Comprehensive Imaging Of C-2w Plasmas: Instruments And Applications

The C-2W device ("Norman") [Gota et al., Nucl. Fusion 59, 112009 (2019)] has produced and sustained beam-driven field-reversed configuration (FRC) plasmas embedded in a magnetic mirror geometry using neutral beams and end-bias electrodes located in expander divertors. Several discrete vessels comprise this device, and many imaging instruments are required in order to view the plasma throughout. To meet this need, a suite of spatially and radiometrically calibrated, high-speed camera systems have been deployed. Besides global visualization of the plasma evolution and macro-stability, this imaging suite has been used in a variety of applications. One example application is a tomographic reconstruction of passive impurity emission. Calculation of the magnetic field in the equilibrium vessel is complicated by eddy currents in conducting structures and internal currents in the high-beta FRC plasma. In addition, thus far non-perturbative measurements of internal field have not been available.
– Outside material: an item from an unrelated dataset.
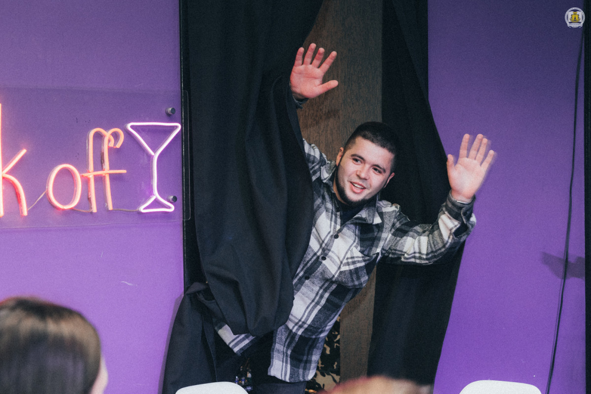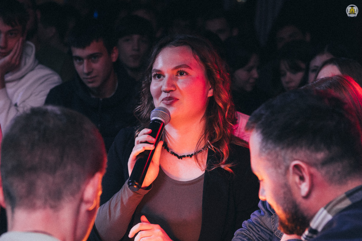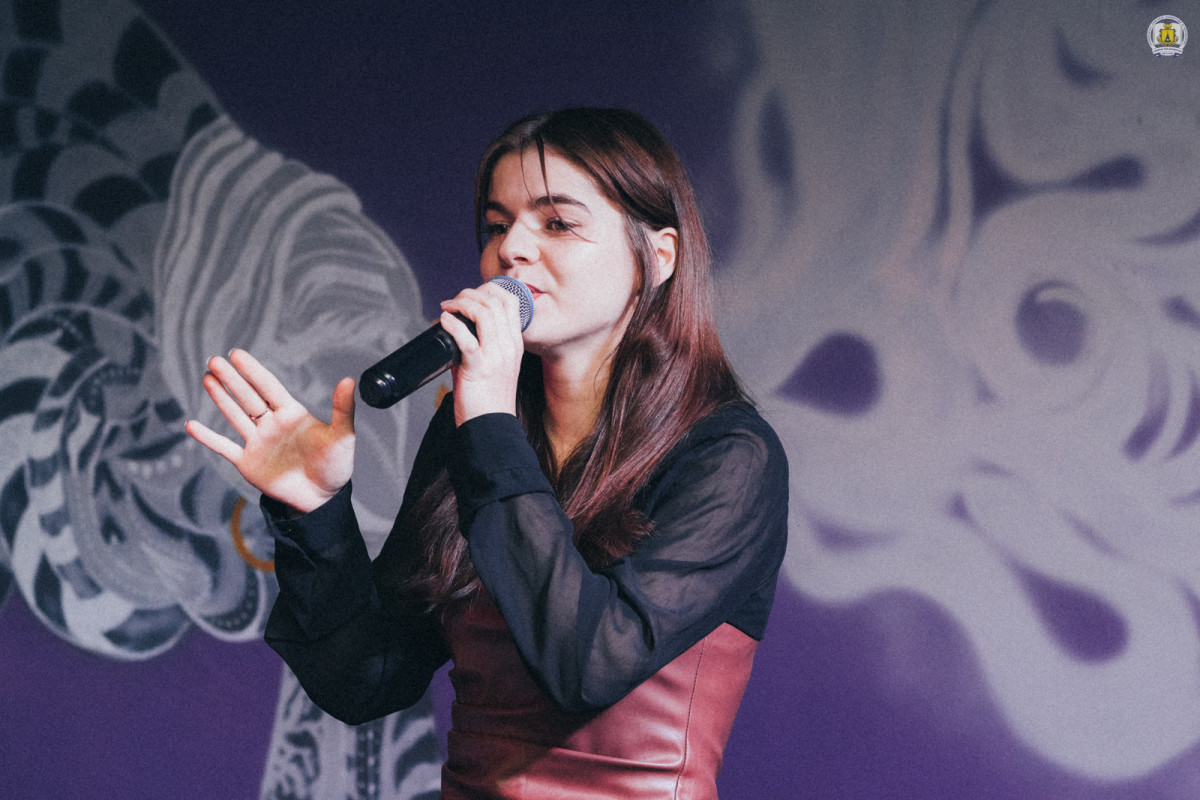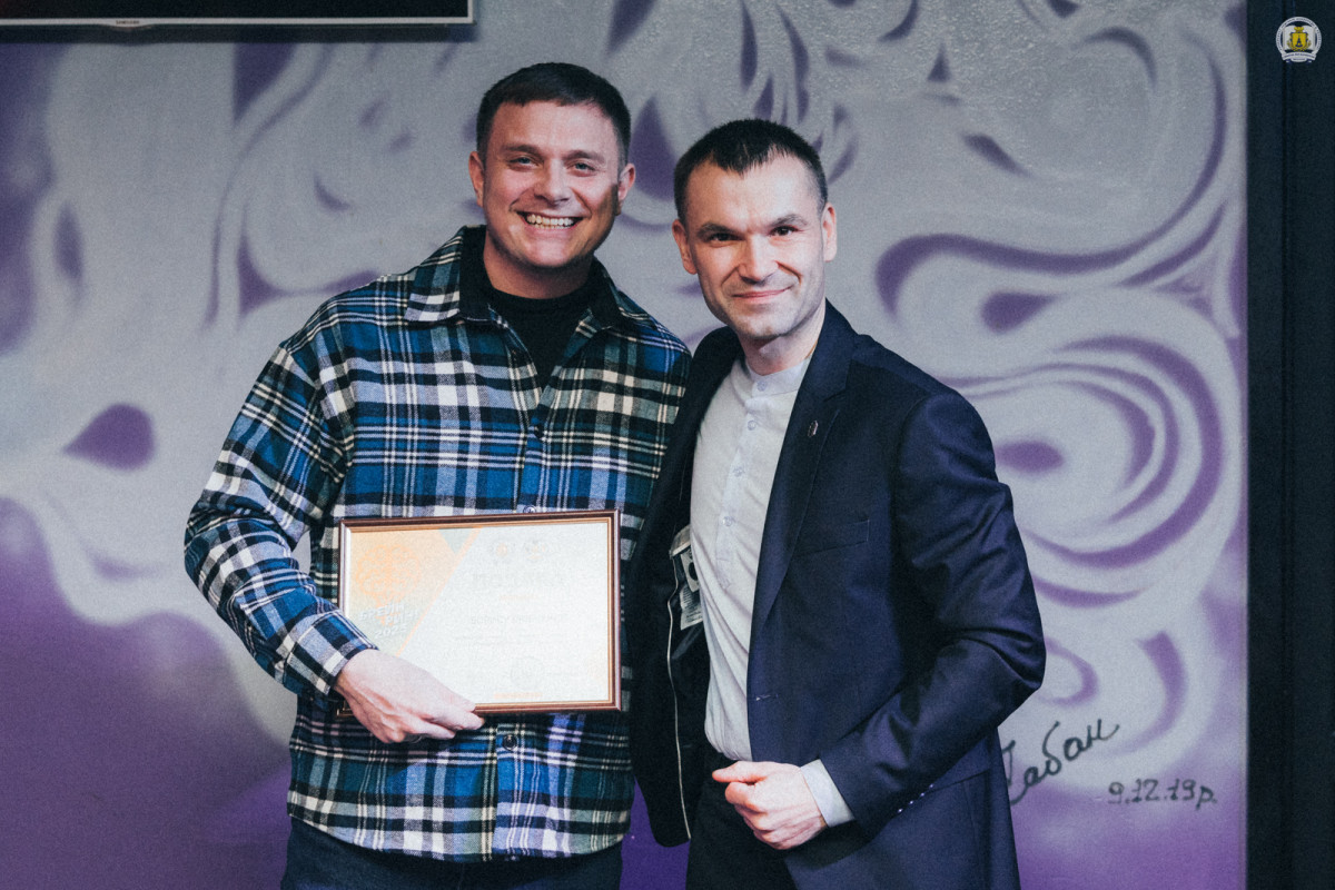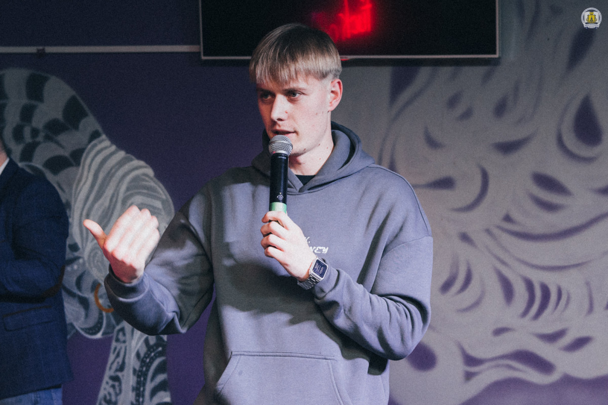 Поки організатори готувалися до церемонії нагородження, ведучий розповів про те, що у цей вечір організатори мали намір зібрати на одному майданчику не лише топ-інтелектуалів УГСП, а й зірок переяславського шоу-бізнесу – тих, хто пише і випускає на стрімінгові платформи власні пісні, знімає кліпи на них. На прикрість, левовій частці з запрошених, зважаючи на поважні причини і обставини, «засяяти» на «Брейн-Рингу» не вдалося – їх неодмінно запросять на майбутні заходи. Але один з тих, хто, свого часу, у студентські роки, «сяяв» на сковородинівській сцені, а нині повернувся до альма-матер не лише як методист Навчально-наукового центру забезпечення якості освіти університету, а й новоявлена зірка для вже нового покоління сковородинівців таки знайшов час завітати – мова про Бориса Любченка, який у цей вечір подарував присутнім свій авторський суперхіт «Солодкий мед». Ми помітили, що протягом сьогоднішнього дня її прослуховування на всіх майданчиках дещо зросли – після такого вибухового виступу інакше і не могло бути.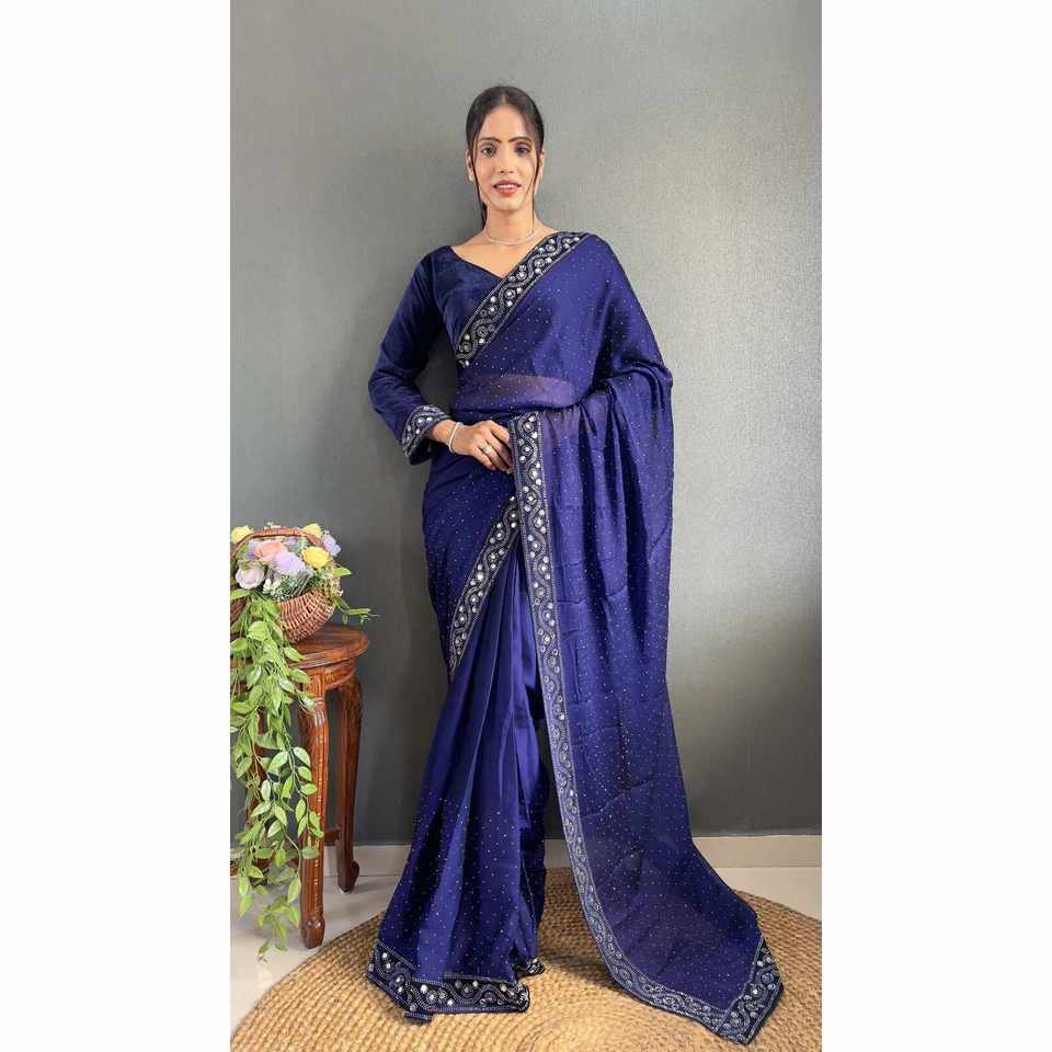 งานลูกไม้ผ้ากำมะหยี่กระจก Swarovski ผ้าไหม rangoli สวยงามพร้อมที่จะสวมใส่ Saree กับเสื้อ unstitched สีน้ำเงินเข้ม

The tomographic reconstruction of O4+ impurity emission enables an independent visualization of the plasma geometry, serving as a check on magnetic modeling and indirect evidence for field reversal within the FRC. A second application uses the cameras to view the Balmer-alpha emission throughout the plasma in order to estimate the ionization rate in each region. These rates can then be incorporated into particle balance calculations and a circuit model for currents from the end-bias electrodes. Finally, arcing on the electrode surfaces is identified through automated image processing of carefully selected spectral line emission.